The second model represents two populations, one of which has experienced a domestication bottleneck (Fig. 1). This model contains five parameters of interest: d, the duration of the bottleneck; t, the time the two populations diverged; θA, the population parameter of both the ancestral population and the nonbottlenecked population; θB, the population parameter during the bottleneck; and θP, the current θ of the population that experienced a bottleneck. This model assumes that divergence between populations was rapid, with no gene flow following population divergence. The expected value and lower 95% confidence interval of θB was estimated as in model I except that the number of polymorphisms shared between populations (R), rather than the number of segregating sites S, was compared between observed and simulated data. In short, the two coalescent models employ different summary statistics from DNA sequence data to make inferences about θB.
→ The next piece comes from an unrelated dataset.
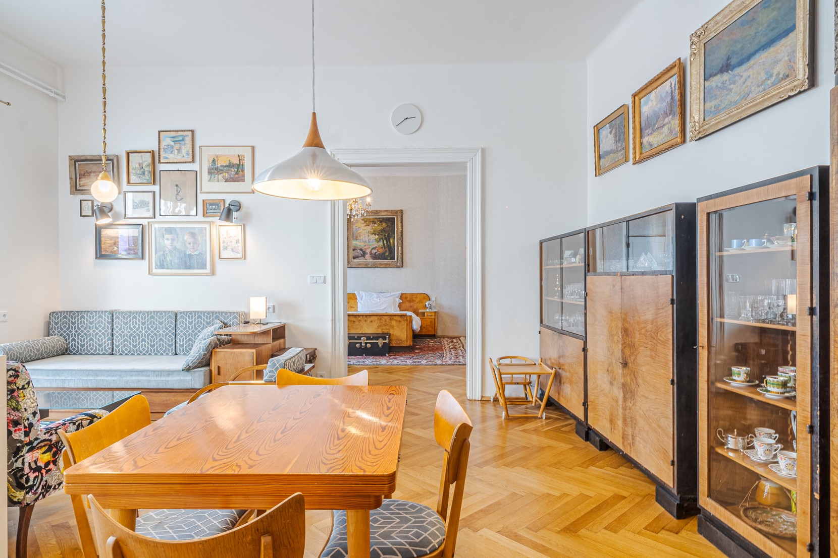 Více než stometrový byt po váženém měšťanovi a současně podnikateli s kávou a likéry potřeboval víc než kosmetickou rekonstrukci. Bylo nutné udělat nové rozvody, novou koupelnu a záchod, stavební úpravy, renovace a dokládku parket, změnu dispozice a stržení snížených stropů. Jak se proměna zadařila?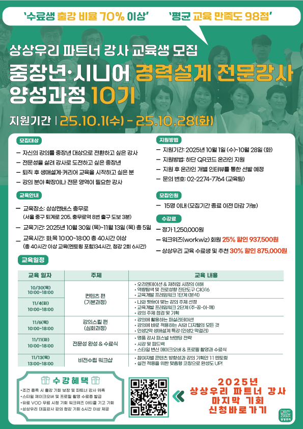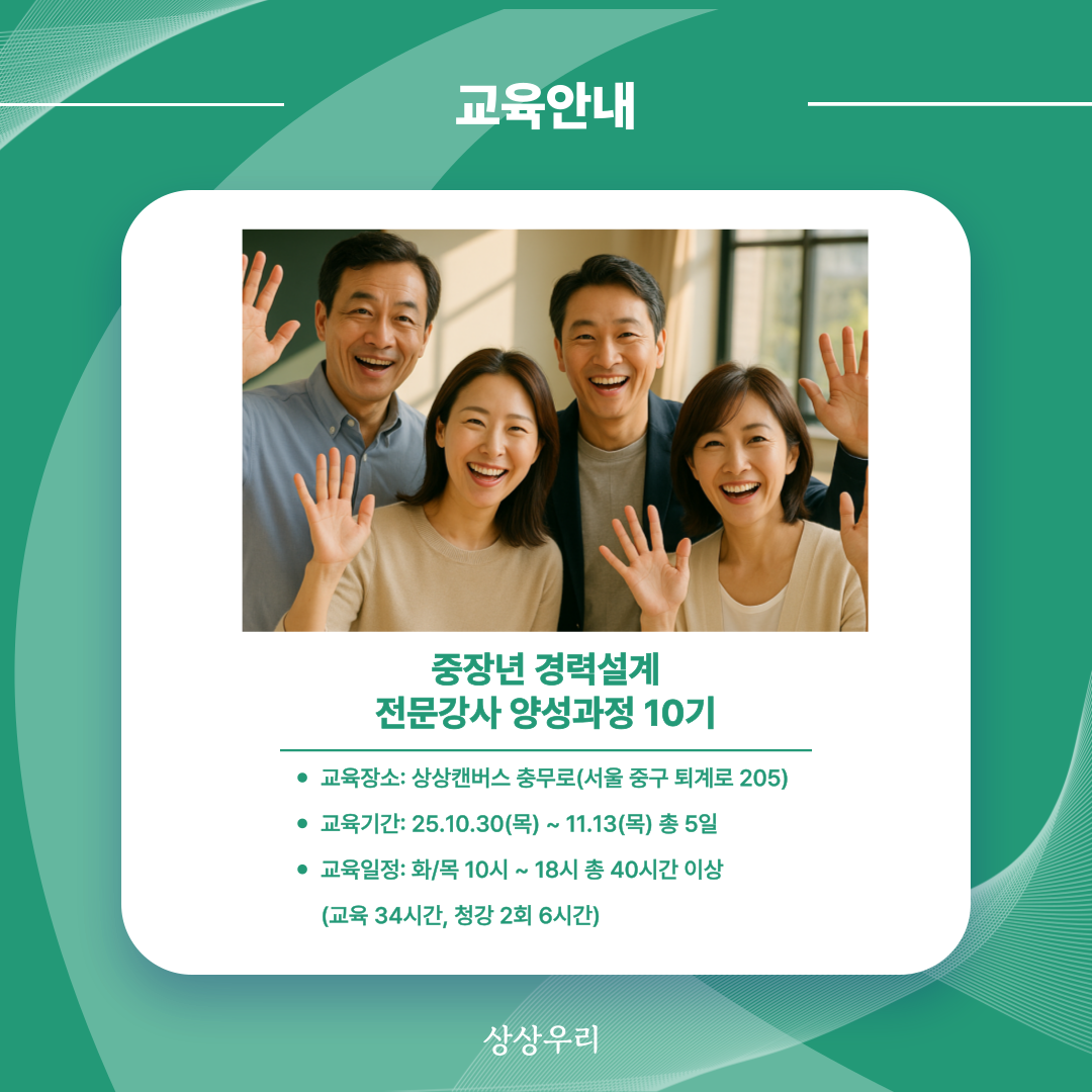 "강사와 회사가 함께 성장하는" 상상우리의 경력설계 전문강사 양성과정 10기를 모집합니다.

For both models, Tajima’s D (26) was used as a measure of “goodness-of-fit” between the coalescent model and the observed data. In all simulations, D from observed data was compared with the distribution of D based on simulated data. If the observed D did not fall within the central 95% of the distribution of D, we concluded that the observed data did not fit the coalescent model, given the parameter values used for simulation. All simulations were based on 997 silent sites and sample sizes of 9 for the bottlenecked population (representing maize) and 8 for the nonbottlenecked population (representing the ancestor parviglumis).

RESULTS

Summary of Adh1 Sequence Variation.

Table 2 contains a summary of sequence variation found in the three Zea taxa. As measured by θ̂, Z. mays ssp. parviglumis is the most diverse of the three taxa at the Adh1 locus (Table 2). Furthermore, parviglumis sequences are distributed widely on the genealogy (Fig. 2). One subset of parviglumis sequences forms a monophyletic clade that is an outgroup to the remainder of the Zea Adh1 sequences. This group contains sequences 1b, 4, 5, and 7, and two of these sequences are identical (sequences 4 and 7). The remaining parviglumis sequences (haplotypes 1a, 2, 3, and 6) do not form a distinct clade. It should be noted that there is no clear relationship between genealogical relationships (as inferred from Fig. 2) and geographic origin. For example, sequences parv1a and parv1b came from the same individual, but one sequence is within the monophyletic outgroup clade and the other is not. It should also be noted that recombination is detectable among parviglumis Adh1 sequences (Table 2), and recombination may affect phylogenetic resolution. Nonetheless, the wide distribution of parviglumis alleles on the Adh1 genealogy, coupled with the observation that parviglumis is genetically diverse, is consistent with a historically large population segregating old alleles.

Table 2.

Variation at the Adh1 locus

Taxa n m S θ̂ θ̂/bp D r
parv 8 993 63(1) 24.30 0.0245 −0.241 4
maize 9 997 49(1) 18.03 0.0181 0.785 3
lux 7 998 26(0) 10.61 0.0106 0.258 3
all 24 998 94(2) 25.17 0.0252 0.241 6

n, number of sequences; m, number of silent sites; S, number of segregating silent sites (with number of segregating replacement sites in parentheses); D, tajima’s D, based on silent sites; r, the minimum number of inferred recombination events among sequences. 

Figure 2.

Figure 2

The neighbor-joining reconstruction of Adh1 sequences. Bootstrap values greater than 50% are given above nodes. Abbreviations are given in Table 1.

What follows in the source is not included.